Disruption appears to be the top commercial real estate trend in 2021.
Automation, innovation and advances in technology are forever changing the way in which the commercial real estate industry operates. Let’s take a quick look at how the industry is being disrupted.
McKinsey Analytics insists it is commercial real estate brokerages as opposed to real estate agents who should be most concerned about automation. This group reports that there is a greater than 50% chance that brokerages will be automated in the years ahead. Furthermore, McKinsey states the chances of agents’ work being automated is a mere 27%.
Though commercial real estate agents’ roles are gradually changing, their services will likely prove necessary for the foreseeable future. After all, business owners, managers and others need a local market expert to pinpoint the optimal location and agreement terms. Even if brokerages are automated, people will still rely on real estate agents for live assistance from an actual human being. The bottom line is data is seemingly ubiquitous yet it is not enough to complete a commercial real estate transaction in and of itself.
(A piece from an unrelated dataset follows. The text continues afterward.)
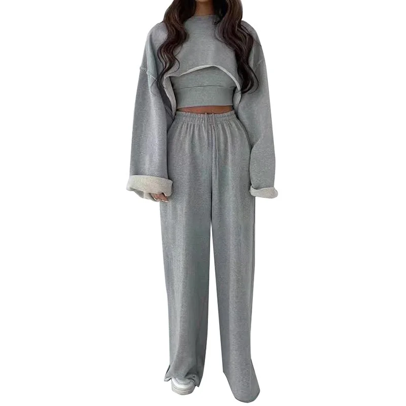 Женский комплект из трех предметов TWOTWINSTYLE, белый топ без рукавов с круглым вырезом и длинными рукавами, широкие брюки, повседневные комплекты, новинка 2022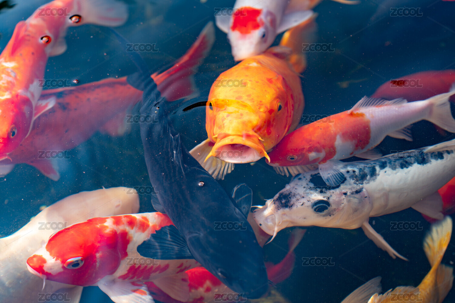 俯视,彩色,多彩,锦鲤,观赏鱼,红鲤鱼 花脊鱼,水中活宝石,鱼,观赏,水

Automation Might be a Boon to Agents
Instead of viewing automation as a threat, real estate agents should view it as a helpful tool that makes it that much easier to connect property-seekers with property owners in an efficient manner. Automation enhances agent productivity by hiking efficiency through the completion of repeatable tasks that are quite monotonous and data-intensive.
When used properly, automation liberates agents to spend more time completing work that cannot be done by high-tech solutions, such as meeting with prospective clients, scoping out new properties and so on. In fact, there is an argument to be made that some real estate agents who have the optimal platform, licensing and technology might not need a conventional brokerage. However, there is a question as to whether property-seekers favor online brokerages or traditional brokerages.
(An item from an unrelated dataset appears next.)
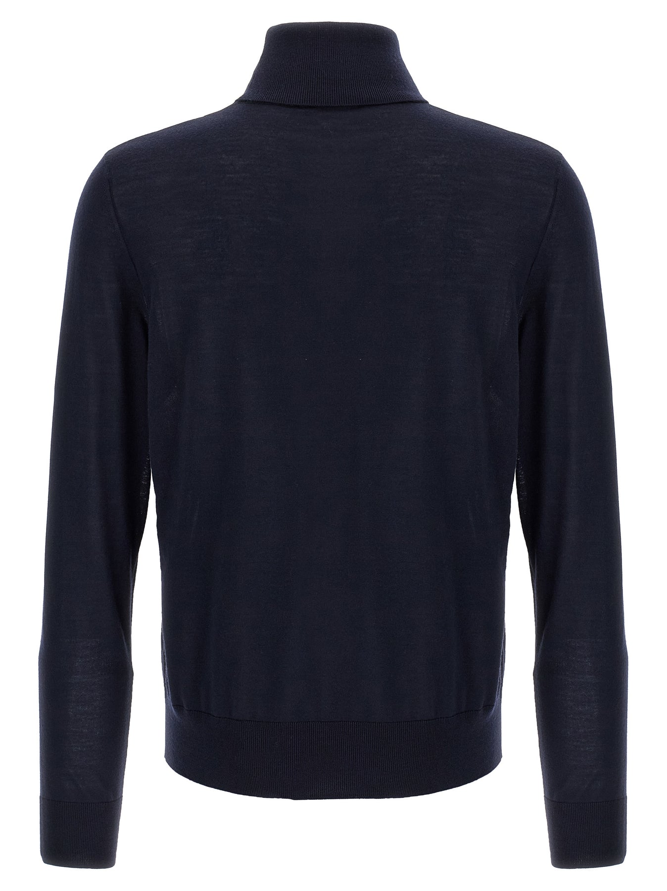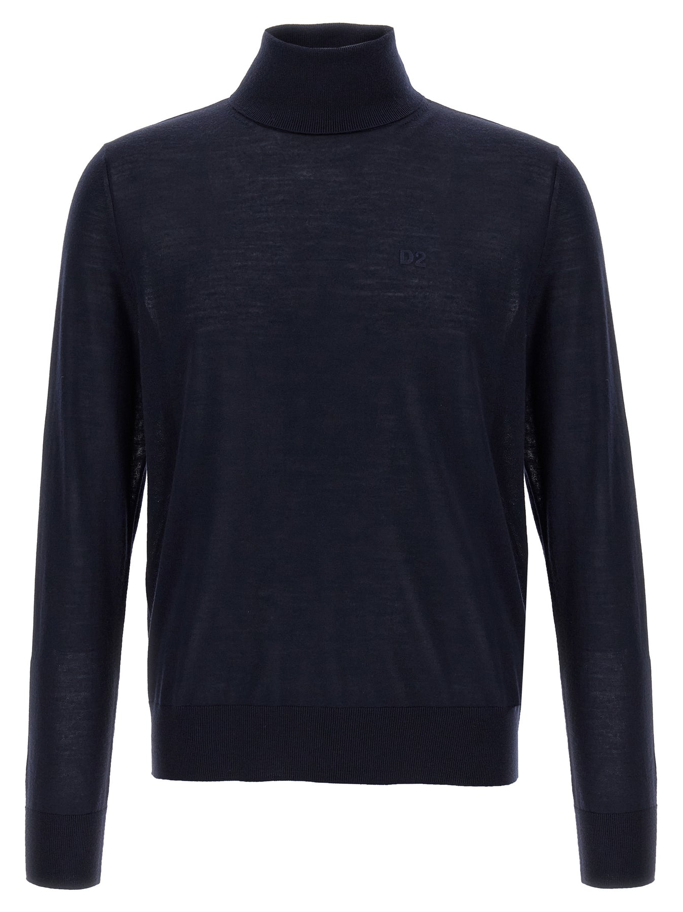 'D2' thin wool turtleneck sweater with front logo embroidery, long cuffed sleeves.

Tech Innovation Requires Ongoing Adjustments
Those who adapt to technological innovation are that much more likely to be standing a year from now and also across posterity. In short, those who act somewhat similar to a software business while retaining brokerage elements will capture that many more clients. There was considerable worry that tech advancements would replace agents yet this no longer appears to be the case. Rather, brokerages are now focusing on how to implement tech tools to better serve agents. Agents who thrive in the years ahead will prove capable of working with software programs rather than constantly worry about being replaced by such tech advancement.
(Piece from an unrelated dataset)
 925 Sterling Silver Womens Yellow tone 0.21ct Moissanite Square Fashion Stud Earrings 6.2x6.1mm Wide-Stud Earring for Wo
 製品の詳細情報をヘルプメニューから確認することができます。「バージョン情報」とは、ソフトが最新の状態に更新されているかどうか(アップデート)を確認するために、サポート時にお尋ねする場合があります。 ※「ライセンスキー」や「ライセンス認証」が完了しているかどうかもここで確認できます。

Those who study the impact of technology on real estate insist there is the potential for the agent, often described as the “middleman”, to be disrupted or potentially even completely replaced. If tech advances to the point that it bridges the gap between business owners and property owners, agents will be disrupted. However, agent involvement will likely continue to prove necessary for the purchasing component of the real estate transaction.
Though property-seekers can qualify for financing and sign contracts online, this process probably won’t be completely automated for a while, if ever. Agents and other industry professionals are still necessary to complete such transaction. Furthermore, there is something to say about the comfort factor of dealing with an actual human being as opposed to computers. Some business owners, property owners/lessors and other parties involved in commercial real estate transactions will always want an agent to interface with. The average business owner and property owner lacks the time, knowledge and confidence necessary to read, research and analyze the process of buying, selling or leasing property on their own, meaning there will likely be an important role for real estate agents to play moving forward.